# starting new wine kit on yeast from last batch?



## William_Stout (Apr 8, 2012)

I have been brewing beer for a while and I like to reuse my yeast cake by pouring the wort directly on to it after racking out of my secondary. Just did my first kit (Winery Series Super Tuscan) the guy at my LHBS said I could do the same with wine, so I racked the wine out of my primary into the secondary. There really wasn't much of a yeast cake, just a small amount of residue and some leftover wine. I made the kit as per instructions and simply didn't add the pack of yeast in the kit (A Barolo). Should there have been a bigger amount of residue in the bottom of the primary or am I ok? I know people do this with skeeter pee, so I'm hoping it works out, if not, I will pitch the pack of Yeast from the starter kit. It was Wyeast Chianti, thats why I wanted to reuse and not buy another package as it cost more Moolah.


----------



## robie (Apr 9, 2012)

Other than with SP, most of us just start a new batch of wine with a new packet of yeast. There is no reason why you can't try to reuse from the last batch. Give it 48 to 72 hours to get going. If it won't, pitch some fresh yeast.


----------



## DoctorCAD (Apr 9, 2012)

Wine yeast is like $1! A kit is $60 to $150. Why cheap out?
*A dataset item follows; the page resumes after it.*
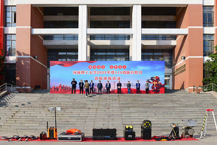 11月7日下午,我校119消防宣传月消防演练活动分别在南校区世纪广场和北校区第二教学楼前举行。校长杨小林、副校长翟耀南出席活动,焦作市消防救援支队指战员、相关职能部门和学院负责人、2023级辅导员和全体学生参加活动。开幕式由保卫部(处)部(处)长李壮文主持。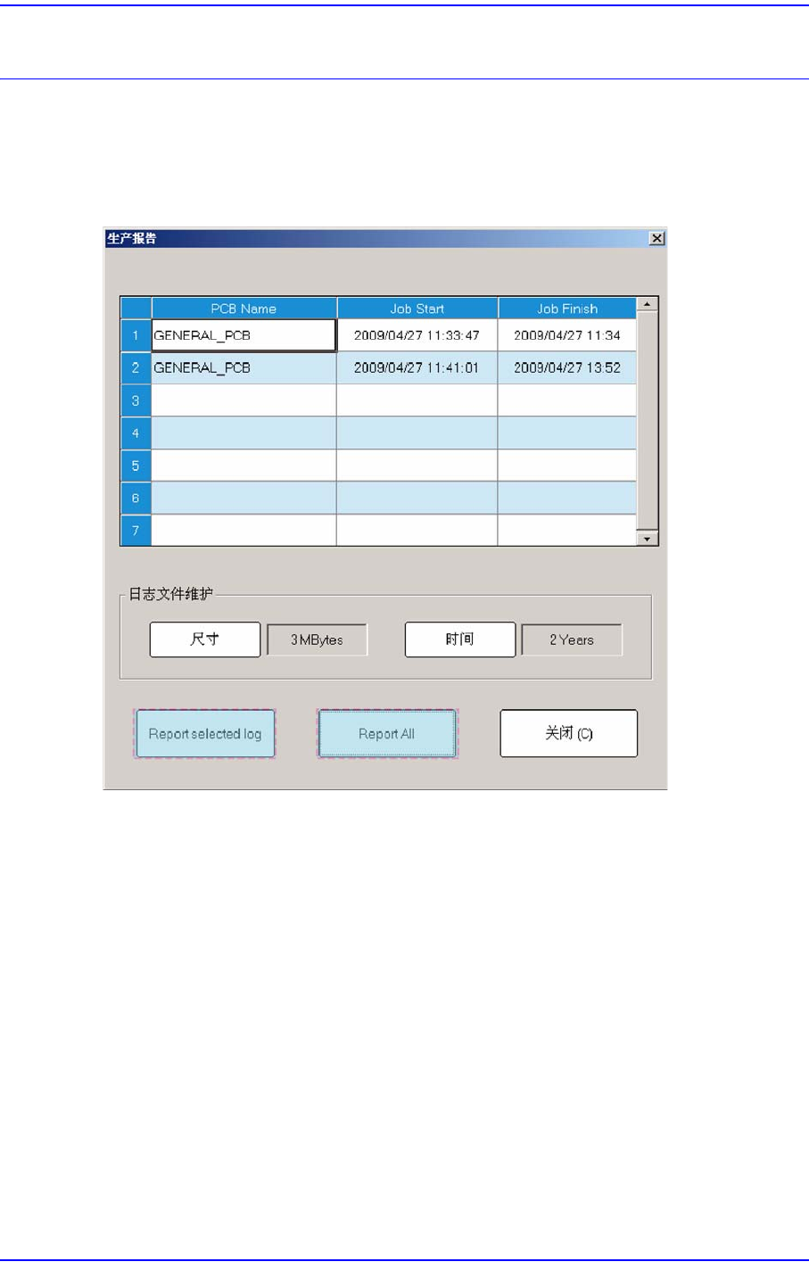 16-1 生产信息管理 第 16 章 . 生产信息管理 16.1. 生产信息管理 [Pd. Info] 在 ‘ 应用 ’ 菜单的 ‘ 生产数据 ’ 子菜单的对话框单 击 〈 Report selected log 〉按 钮 或 〈 Report All 〉 按 钮则显示如下对话框。

Now, if you are trying it just because, no problems.


----------



## g8keeper (Apr 9, 2012)

DoctorCAD said:


> Wine yeast is like $1! A kit is $60 to $150. Why cheap out?
> 
> Now, if you are trying it just because, no problems.


 
i don't think it was a matter necessarily of cheaping out....he said it was a kit, which in turn, comes with a packet yeast....i think it might have been an experiment, unless i am missing something....lol...


----------



## cpfan (Apr 9, 2012)

Wyeast is a specialty yeast, and is not $1/packet. Using the yeast slurry from one batch to start another is a way to save a few bucks.

Steve


----------



## robie (Apr 9, 2012)

DoctorCAD said:


> Wine yeast is like $1! A kit is $60 to $150. Why cheap out?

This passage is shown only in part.